Tags: Covid-19 , Medical tests , Conditional Probability , Desmos

(Español: Interpretación de resultados de pruebas de laboratorio de Covid-19)

Ever since the Covid-19 pandemic started, the subject of interpreting a Covid-19 test results has been coming back to bite me over and over again.

I knew the fact that the probability of a Covid-19 test result giving the correct information depends on the portion of the population that is infected at that moment, but I did not know the details or understand why this could be the case. Every time I tried to read about this I ended up reading articles with lots of tables with made-up numbers that did not help me gain any clarity or understanding on the matter.

I finally found an AMS Feature Column by Bill Casselman that got me a bit closer to understanding, and in this post I give a very graphical explanation using probability trees, provide some extra details, and show some nice interactive plots that I made to play around with the ideas in the column.

Before going any further, I need to establish some terminology.

Some terminology

  • A Covid-19 test may give a positive result when the person is not infected. This is called a false positive.
  • Similarly, a Covid-19 test may give a negative result when the person is in fact infected infected. This is called a false negative.
  • The two remaining outcomes are when the test tells the truth. These are the true positive and true negative.

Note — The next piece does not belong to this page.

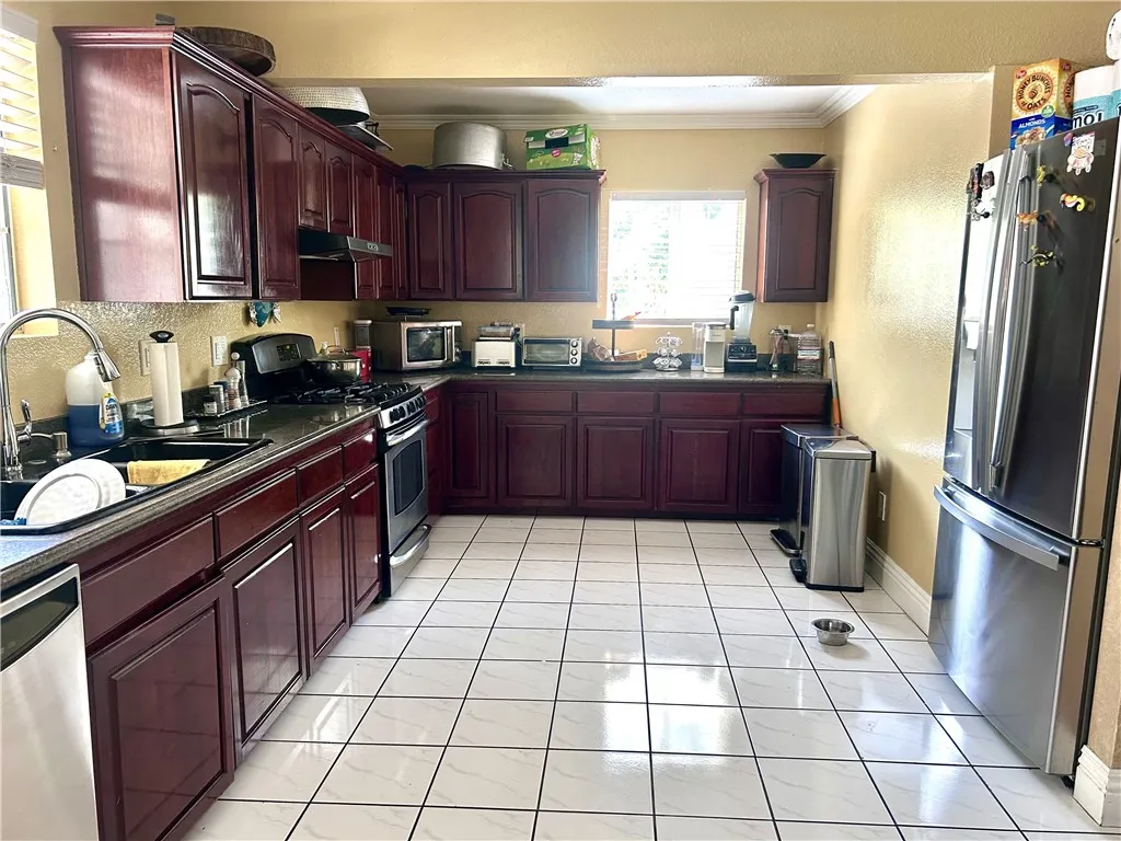 WOW!!! Great Opportunity for a large family, crown molding, spacious bedrooms, ceramic floors, recessed lighting, and new AC. moving ready. FEATURES: Large kitchen with wood cabinets and granite countertops. Great corner lot, big back yard with large patio and flowers and fruit trees, all fenced and with an electric gate, very close to shops and transportation. As a Bonus, the Garage has been converted into a beautiful 20x20 room with laminate floors and a bathroom. DO NOT MISS THIS GREAT OPPORTUNITY, EXCELLENT HOUSE!!! Thank you for showing!!!! Seller is motivated to sell as soon as possible and is willing to assist with the buyers closing costs, subject to the terms of a mutually acceptable offer

Which of these four possible outcomes of a Covid-19 test is more important depends on who you are and what you are worrying about. From a societal perspective, the false negatives are probably the most serious ones: they make people think they are not infected when they in fact are, and so increase the chances of them spreading the disease.

Don’t believe a test saying “Guaranteed to have less than 1% false negatives!”

A natural assumption is to believe that the percentage of each of these cases (false negatives, true positives, etc.) depends on the quality of the test:

  • a high quality test has few false negatives, and few false positives.
  • a low quality test has more false negatives, and more false positives.

Now, the thing is, this is not entirely true! The percentages for each case depend on the population that one is testing and the moment of time one is doing so. One cannot look at the specification sheet of a PCR Covid-19 test and read “Guaranteed to have less than 1% false negatives!”. A statement like this simply cannot be given.

Wrapping one’s head around this fact, and understanding why it is so is the content of the AMS Column by Bill Casselman, and what I show and explain in this blog post.

I will try my best to be self contained in what follows so there is no need to read the column before going on. Hopefully the column will make even more sense after reading this!

Before moving on, here are the cool applets I made!

The applet below gives the chances that a test result is actually true (true negative, or true positive).

Follow this link if the interactive does not load.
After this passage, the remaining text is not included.